━━━ MATERIAL TO PROCESS ━━━

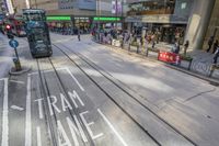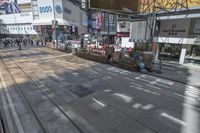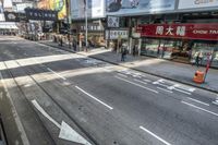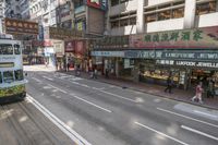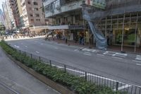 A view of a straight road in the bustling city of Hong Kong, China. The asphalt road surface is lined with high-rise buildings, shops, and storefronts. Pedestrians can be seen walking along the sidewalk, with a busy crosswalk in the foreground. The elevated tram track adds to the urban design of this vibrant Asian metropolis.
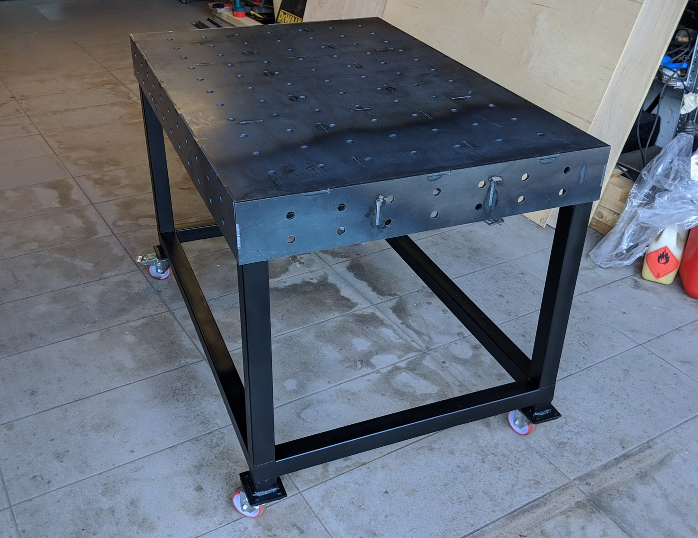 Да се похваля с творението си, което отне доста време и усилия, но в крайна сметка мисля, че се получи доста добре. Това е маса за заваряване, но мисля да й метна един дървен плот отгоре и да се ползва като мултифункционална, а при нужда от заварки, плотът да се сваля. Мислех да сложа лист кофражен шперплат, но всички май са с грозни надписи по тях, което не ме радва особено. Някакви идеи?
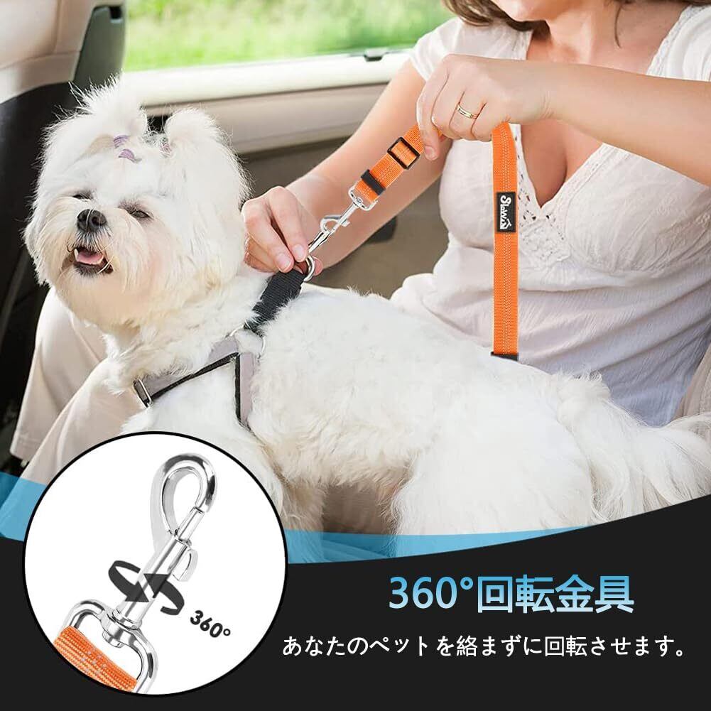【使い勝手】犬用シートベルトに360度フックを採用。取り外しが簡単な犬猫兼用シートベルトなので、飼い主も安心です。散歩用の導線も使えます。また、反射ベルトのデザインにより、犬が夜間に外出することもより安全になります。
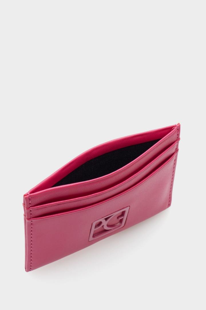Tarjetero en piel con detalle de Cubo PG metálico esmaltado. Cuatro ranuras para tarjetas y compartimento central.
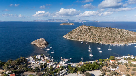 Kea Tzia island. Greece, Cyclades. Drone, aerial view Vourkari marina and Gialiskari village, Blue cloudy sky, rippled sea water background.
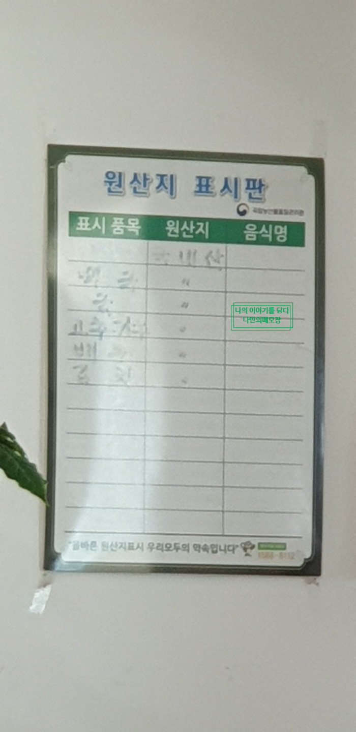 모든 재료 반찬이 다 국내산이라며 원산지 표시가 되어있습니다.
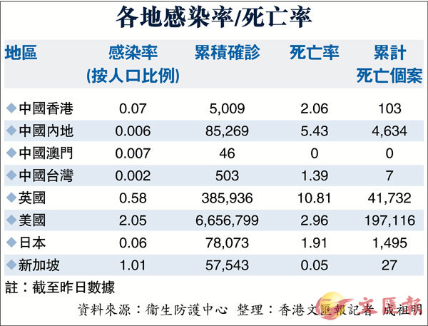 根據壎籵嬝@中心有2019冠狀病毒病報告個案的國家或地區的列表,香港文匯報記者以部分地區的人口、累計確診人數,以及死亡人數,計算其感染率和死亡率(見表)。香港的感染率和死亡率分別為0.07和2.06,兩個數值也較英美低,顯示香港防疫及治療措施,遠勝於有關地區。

━━━

=== REQUIREMENT ===
All the lines above should be reproduced exactly, and none of the pictures.

=== ANSWER ===
 A view of a straight road in the bustling city of Hong Kong, China. The asphalt road surface is lined with high-rise buildings, shops, and storefronts. Pedestrians can be seen walking along the sidewalk, with a busy crosswalk in the foreground. The elevated tram track adds to the urban design of this vibrant Asian metropolis.
 Да се похваля с творението си, което отне доста време и усилия, но в крайна сметка мисля, че се получи доста добре. Това е маса за заваряване, но мисля да й метна един дървен плот отгоре и да се ползва като мултифункционална, а при нужда от заварки, плотът да се сваля. Мислех да сложа лист кофражен шперплат, но всички май са с грозни надписи по тях, което не ме радва особено. Някакви идеи?
【使い勝手】犬用シートベルトに360度フックを採用。取り外しが簡単な犬猫兼用シートベルトなので、飼い主も安心です。散歩用の導線も使えます。また、反射ベルトのデザインにより、犬が夜間に外出することもより安全になります。
Tarjetero en piel con detalle de Cubo PG metálico esmaltado. Cuatro ranuras para tarjetas y compartimento central.
 Kea Tzia island. Greece, Cyclades. Drone, aerial view Vourkari marina and Gialiskari village, Blue cloudy sky, rippled sea water background.
 모든 재료 반찬이 다 국내산이라며 원산지 표시가 되어있습니다.
 根據壎籵嬝@中心有2019冠狀病毒病報告個案的國家或地區的列表,香港文匯報記者以部分地區的人口、累計確診人數,以及死亡人數,計算其感染率和死亡率(見表)。香港的感染率和死亡率分別為0.07和2.06,兩個數值也較英美低,顯示香港防疫及治療措施,遠勝於有關地區。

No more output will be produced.